Although there are many potential applications, at AppTek we are most excited about 3 areas – media, telephony and conversational interfaces for the internet of things (IoT). I will go much deeper into these verticals in future blogs, but as McKinsey points out in Where Machines could Replace Humans, and Where They Can’t repetitive activities with a moderate level of analysis or expertise are prime candidates for automation through artificial intelligence. Media, telephony and IoT interface each have myriad such activities in their current workflows.
The global media market is valued at ~US$1.8 trillion with both healthy forecast CAGR and an increasingly large portion of that value coming from digital. As search increasingly drives discovery of media content, ASR technology will increase the value of every media asset by making them discoverable through search. Closed captioning requirements are becoming more stringent not only in the US, but in most developed and developing countries. The current manual approach is not scalable or cost-effective. Here, too, ASR can help.
Call centers have literally millions of hours of recorded audio which currently cost money to save and provide no value because they are not searchable or analyze-able. An estimated $41B is lost every year to poor customer service and, unless they can analyze the interactions they are already having, call centers usually find out too late. It is too time and capital intensive to have human talent review every call. By automatically producing a full transcript of every call, speech recognition can literally transform a recorded call into a source of assured compliance, sales rep training or customer service analytics.
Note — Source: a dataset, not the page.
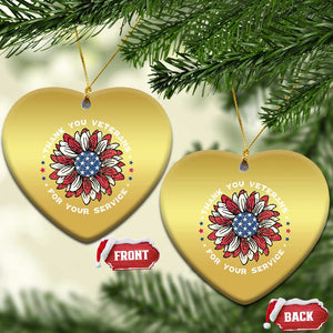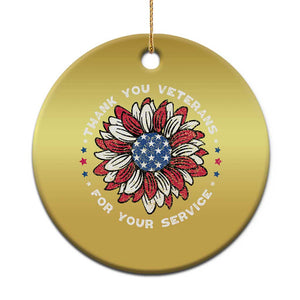 Thank You Veterans Christmas Ornament American Flag Sunflower Military Tribute
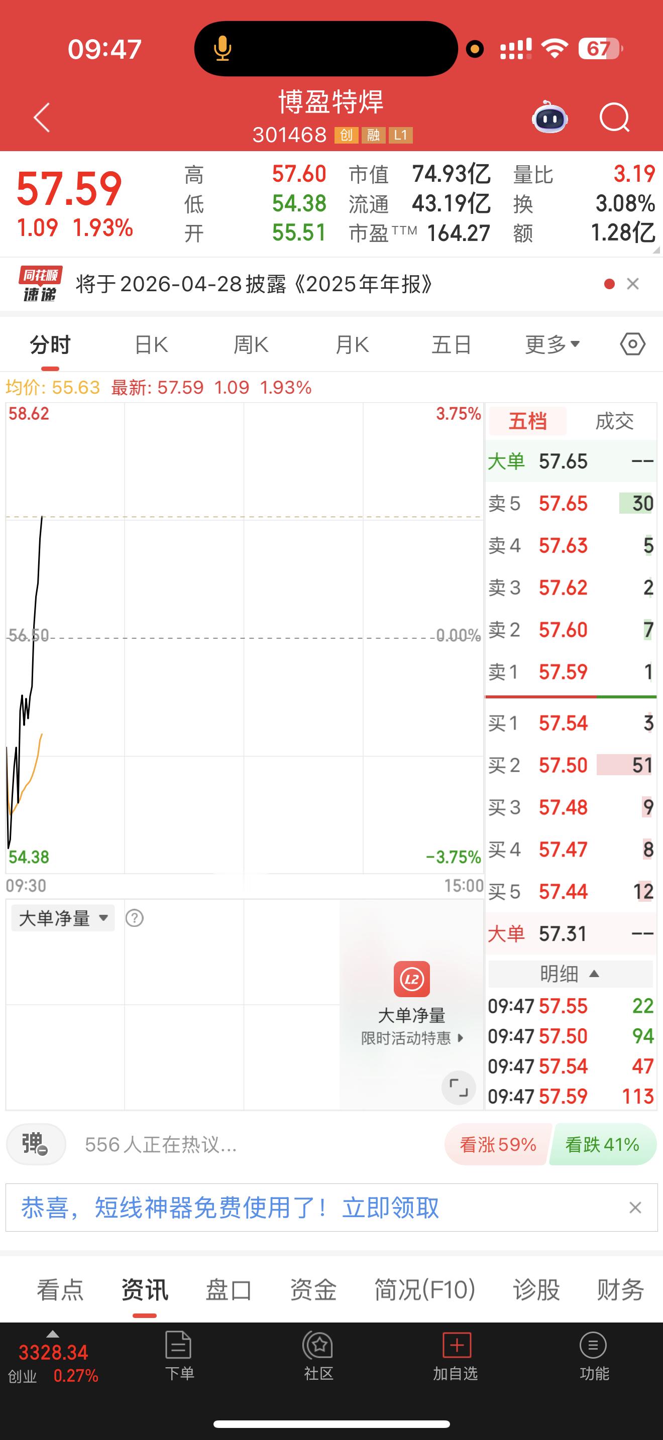 301468博盈特焊开始起飞,准备做好扶稳,来波评论点赞,继续大涨有在车上的兄弟

Every year, Mary Meeker delivers her annual internet trends report – one of the most widely read, tweeted, forwarded, shared pieces of research anywhere. This year, a large portion of the 100+ page presentation was dedicated to voice and voice search. The idea that as IoT and mobile technology become ubiquitous users will continue to type or tap as their main interface is ludicrous – it will be voice.
As I mentioned, ASR and speech technology is very exciting. It sits at the intersection of big data, artificial intelligence and IoT. There is a lot more to talk about.
Until next time…